## Dataset content
*** Begin section ***
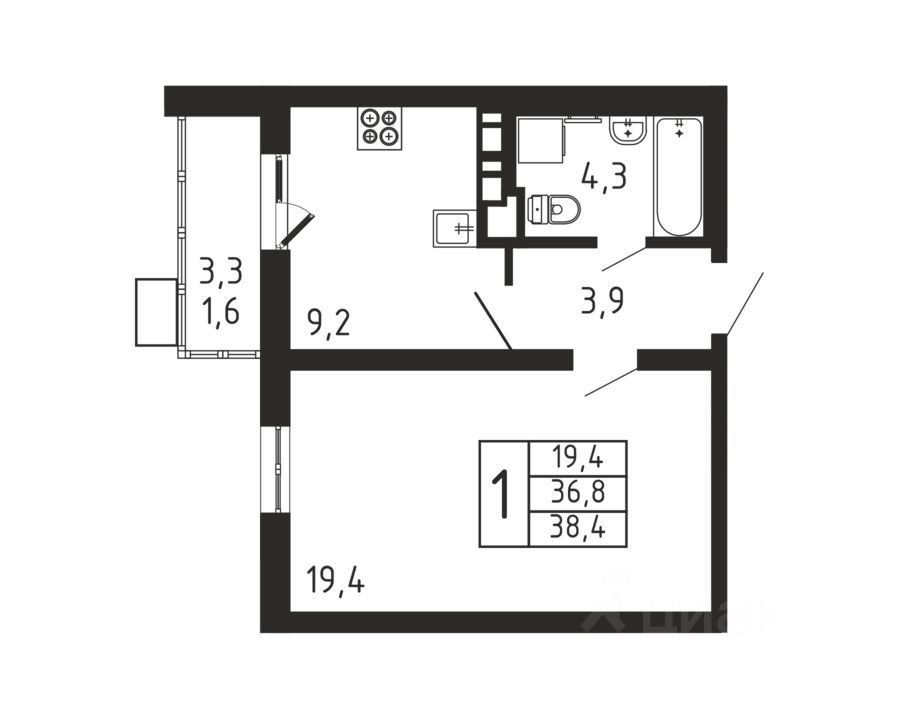 Продаётся 1-комнатная квартира в строящемся доме (Корпус 4), срок сдачи: II-кв. 2026, общей площадью 38.4 кв.м., на 9 этаже.
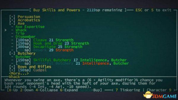 近战武器分四种:短刃(Short Blades)、棍棒(Cudgel)、斧头(Axe)、长刃(Long Blades),与它们对应的武器技能差异显著,特色鲜明
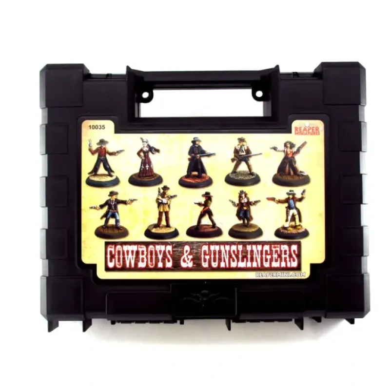 Reaper Miniatures’ boxed sets include unpainted and unassembled metal figures in a high quality, sturdy carrying/storage case. The case has two latches that provide a solid seal. Foam protects the contents within the case. Paints and glue are not included.
*** End section ***
## Your instructions
What you give back must match the material word for word, with no images included.

## Task output
 Продаётся 1-комнатная квартира в строящемся доме (Корпус 4), срок сдачи: II-кв. 2026, общей площадью 38.4 кв.м., на 9 этаже.
 近战武器分四种:短刃(Short Blades)、棍棒(Cudgel)、斧头(Axe)、长刃(Long Blades),与它们对应的武器技能差异显著,特色鲜明
 Reaper Miniatures’ boxed sets include unpainted and unassembled metal figures in a high quality, sturdy carrying/storage case. The case has two latches that provide a solid seal. Foam protects the contents within the case. Paints and glue are not included.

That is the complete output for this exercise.